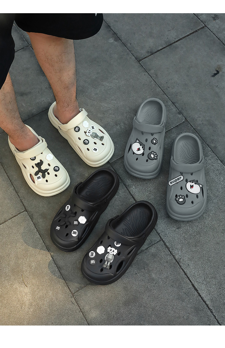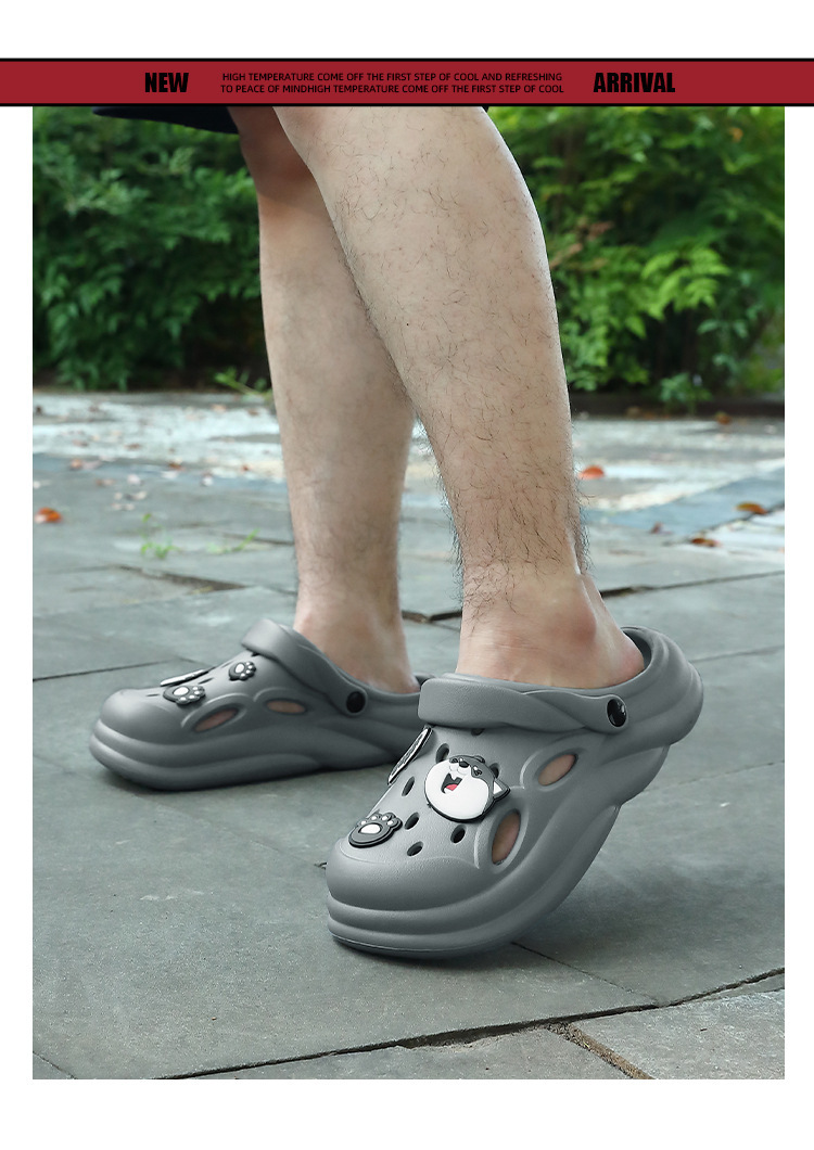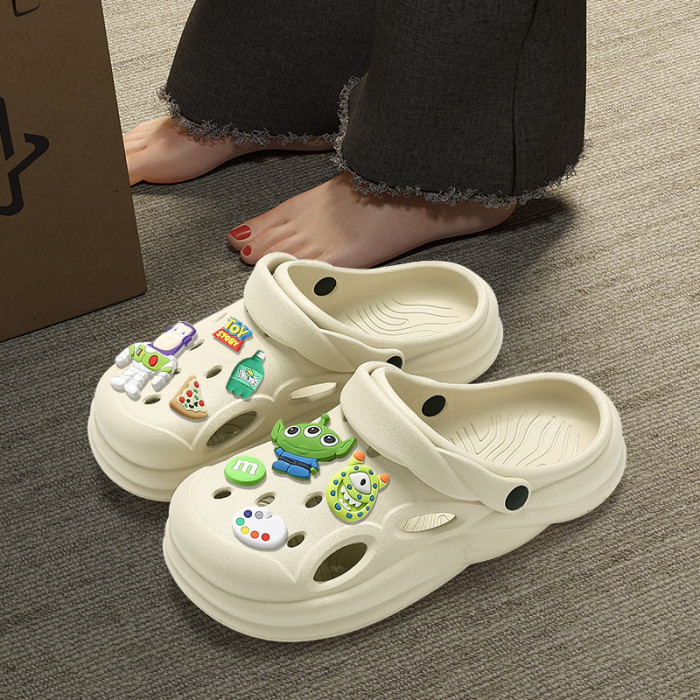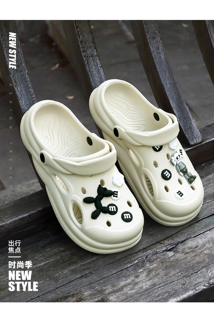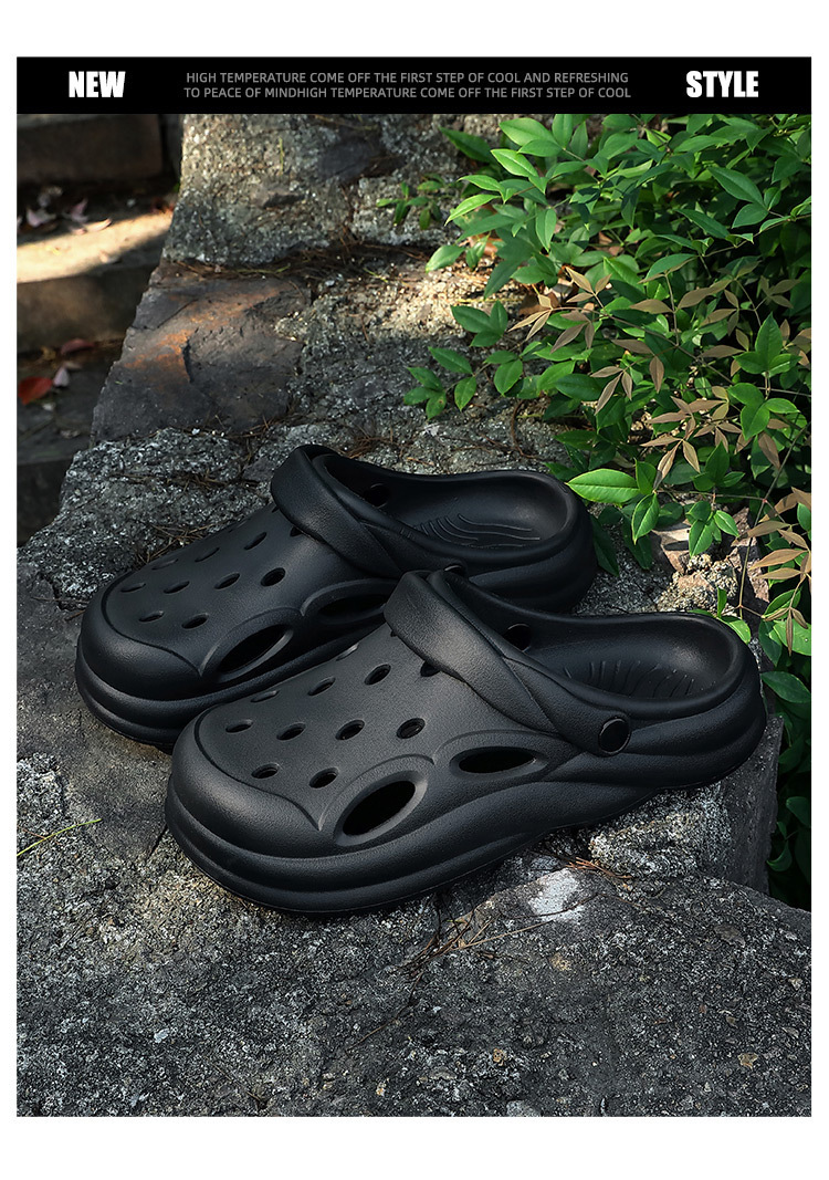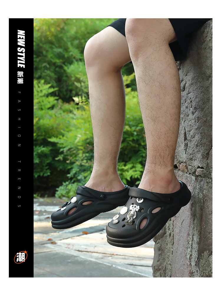 踩屎感洞洞鞋夏季女款外穿戶外厚底防滑包頭半涼拖鞋女士夏季
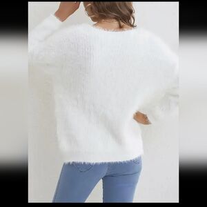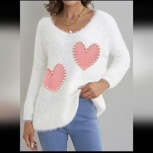 NEW! Cute white fuzzy comfy pink heart beaded sweater Size: small
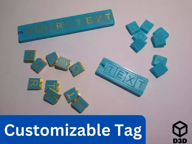 This is a 100% customizable tag. This tag can be configured into any message, that is between 1 and 10 characters long. This file only includes the English capital alphabet, as well as a space, but for more compatible characters, you can visit the Dovetail Tile System collection. The different letter tiles give the tag a scrabble feel, as well as making the tag completely customizable. This tag can also be changed to different text later due to the removable pin that keeps the letters in. Although, depending on the tolerance of your printer, you may need to use an Allen key or something of that sort to get the pin out.
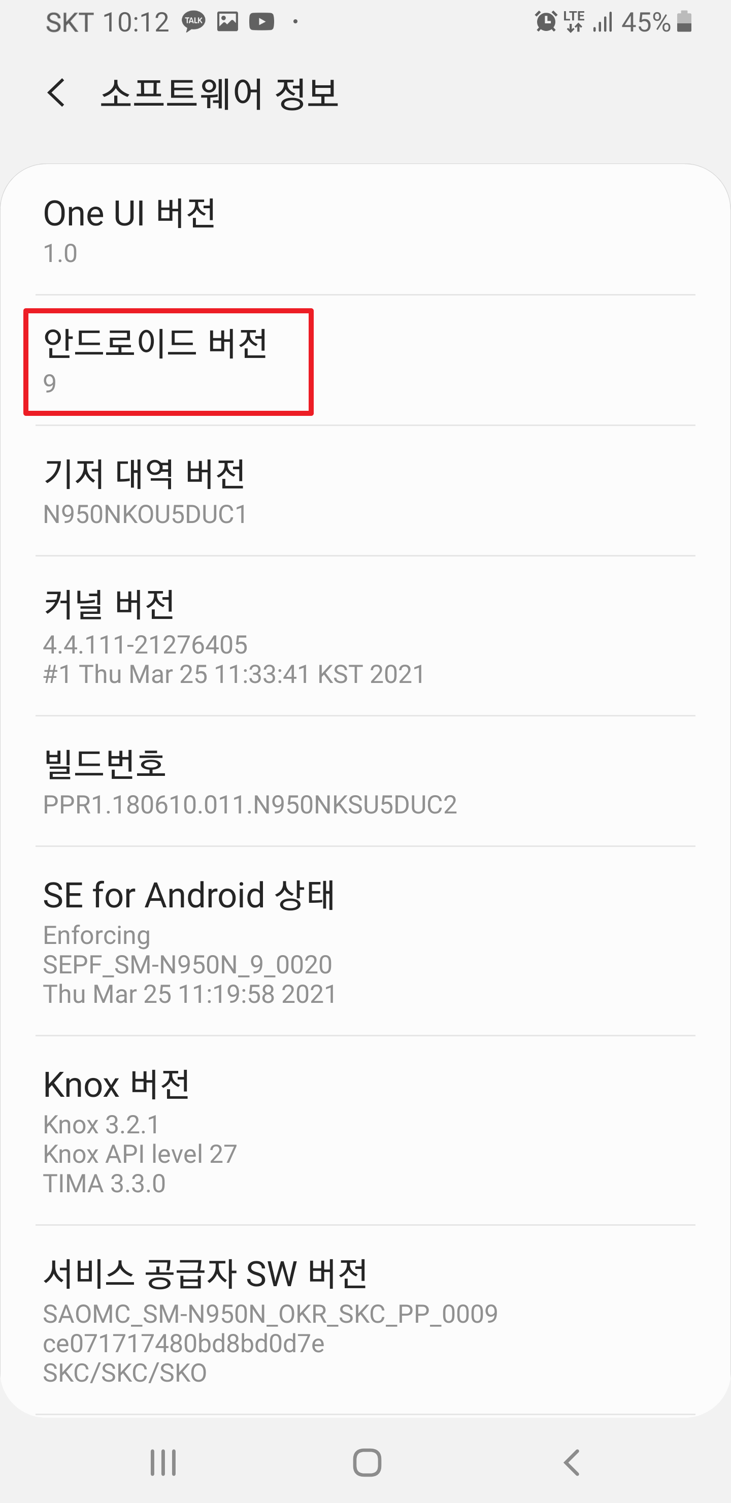 4. 여기서 안드로이드 버전을 확인하실 수 있습니다. 2021년 7월 기준으로 최신 버전은 9입니다. 이 탭에서 안드로이드의 버전뿐만 아니라 One UI버전, 커널버전, Knox버전등 내 핸드폰에 설치되어 있는 다양한 소프트웨어의 정보들을 확인하실 수 있습니다.

§ EXERCISE DESCRIPTION
Every line from the top of the material above through the line with "This is a 100%" should be duplicated exactly, please; leave out the pictures.

§ ANSWER FOR THIS EXERCISE
 踩屎感洞洞鞋夏季女款外穿戶外厚底防滑包頭半涼拖鞋女士夏季
 NEW! Cute white fuzzy comfy pink heart beaded sweater Size: small
 This is a 100% customizable tag. This tag can be configured into any message, that is between 1 and 10 characters long. This file only includes the English capital alphabet, as well as a space, but for more compatible characters, you can visit the Dovetail Tile System collection. The different letter tiles give the tag a scrabble feel, as well as making the tag completely customizable. This tag can also be changed to different text later due to the removable pin that keeps the letters in. Although, depending on the tolerance of your printer, you may need to use an Allen key or something of that sort to get the pin out.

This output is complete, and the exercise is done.